Typed HDF5 helpers. require_group, require_dataset, json_loads_attr. All HDF5 I/O in the repo should go through these rather than raw h5py calls — they normalize attribute types across numpy/bytes/str.

utils/fit_io.py

Fit-results persistence. Owns the SavedProject / SavedFile / SavedFitSlot dataclasses (the on-disk data model), the four per-fit-type slot extractors (_slot_from_baseline, _slot_from_spectrum, _slot_from_sbs, _slot_from_2d — all called once at fit completion with copied snapshot args, never live Model references), the identity helpers (compute_file_fingerprint, compute_history_key, compute_archive_slot_key, build_selection_json, compute_observed_sha256), the snapshot-collapse helper (collapse_history_to_snapshot), and the HDF5 reader/writer (read_archive, write_archive) plus the CSV/PNG exporter (write_csv_export). The SavedFitSlot is the single source of truth for completed-fit state — neither Model nor File carries observed/fit/metrics. New persistence work lands here, not in fitlib or trspecfit.py. See docs/design/fit_archive_schema.md for the on-disk schema.

utils/lmfit.py

lmfit-parameter plumbing. Parameter construction, extraction, conversion to pandas DataFrames, MCMC config helpers, and the VARY_LEVELS / _vary_to_bool / vary_to_level machinery for the static/file/project vary hierarchy. Any new lmfit interop belongs here rather than in trspecfit.py or fitlib.py.

utils/parsing.py

YAML model parsing. ModelValidationError, the custom _ComponentNumberingConstructor that auto-numbers duplicate YAML keys (GLPGLP_01, GLP_02), and the validation that enforces which function names and parameters are legal. Extend here — not in mcp — when adding new YAML syntax.

utils/plot.py

Generic matplotlib helpers used by the library and user notebooks: 1D/2D data plotting, image loading (load_plot, load_plot_grid) for embedding saved figures in reports, axis formatting utilities. All plotting functions take a PlotConfig. Specialized plotting (e.g. fit residuals) lives in fitlib.py, not here.

utils/sweep.py

ParameterSweep (grid / random / uniform / normal sampling) and SweepDataset (inspection of generated HDF5 datasets). Used by Simulator for ML training-data generation. Grows as new sampling strategies are needed.

Typical execution flow

For a 2D fit via File.fit_2d:

  1. File.fit_2d gathers the target Model, axes, fit limits.

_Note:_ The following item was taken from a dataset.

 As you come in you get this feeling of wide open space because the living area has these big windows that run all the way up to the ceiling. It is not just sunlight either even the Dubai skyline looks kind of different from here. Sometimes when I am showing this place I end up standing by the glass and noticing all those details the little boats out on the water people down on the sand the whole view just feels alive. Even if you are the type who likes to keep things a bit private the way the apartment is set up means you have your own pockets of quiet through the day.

  2. Model is lowered to a ScheduledPlan2D via graph_ir.schedule_2d once, up front.

  3. fitlib.fit_wrapper runs lmfit; each residual call goes residual_funspectra.fit_model_gireval_2d.evaluate_2d(plan, theta).

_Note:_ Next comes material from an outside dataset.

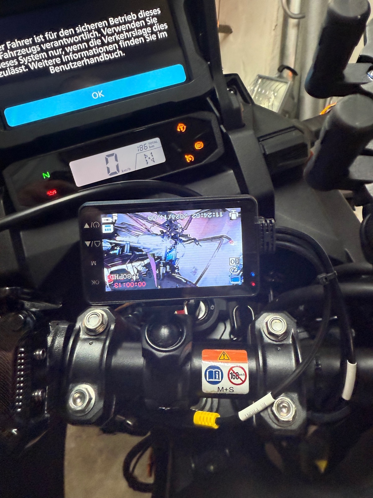 Die Hintere Kamera werde ich voraussichtlich an der Unterseite der Gepäckbrücke montieren, ich mag es wenn sie eher "versteckt" montiert ist, vor dem Rücklicht ist mir "zu prominent".

  4. evaluate_2d produces the model spectrum using only the plan arrays and the parameter vector — no mcp objects touched in the hot path.

  5. After the fit: confidence intervals / MCMC / plotting run in fitlib. The completed result is then captured eagerly into a SavedFitSlot via utils/fit_io.py and appended to Project._fit_history; that slot is what Project.results, Project.save_fits, and Project.export_fits operate on. Live Model.result is never re-read by these paths — see “Fit results: save / export / load architecture” above.

Models outside the current compiled support set (see supported_models.md) fall back to the mcp reference evaluator. New features are generally prototyped on that slow path first.

Where to put new code — quick guide

  • New energy / time / profile function → implement it in functions/{energy,time,profile}.py; for the full checklist (tests, registration, and GIR follow-up when needed), use ../ai/add-function.md.

  • New YAML keyword / syntaxutils/parsing.py + validation.

  • New user-facing method on a fileFile in trspecfit.py.

  • New model composition rule → mcp first; update supported_models.md; lower into graph_ir once stable.

  • New plot style / axis logicutils/plot.py, driven by PlotConfig.

  • New fit-result post-processing (CI, MCMC, in-fit plots)fitlib.py.

  • New fit-archive field, exporter format, or comparison metricutils/fit_io.py (data model + writer/reader + CSV exporter) and fit_results.py (query / compare_models). Slot extraction stays in utils/fit_io.py; the four _append_<fit_type>_slot call sites in trspecfit.py should not be replicated elsewhere.

  • New simulator feature / sampling strategysimulator.py / utils/sweep.py.

  • New HDF5 I/O → go through utils/hdf5.py helpers.

  • Performance optimization of an existing feature → lower into graph_ir / eval_*. Do not optimize mcp.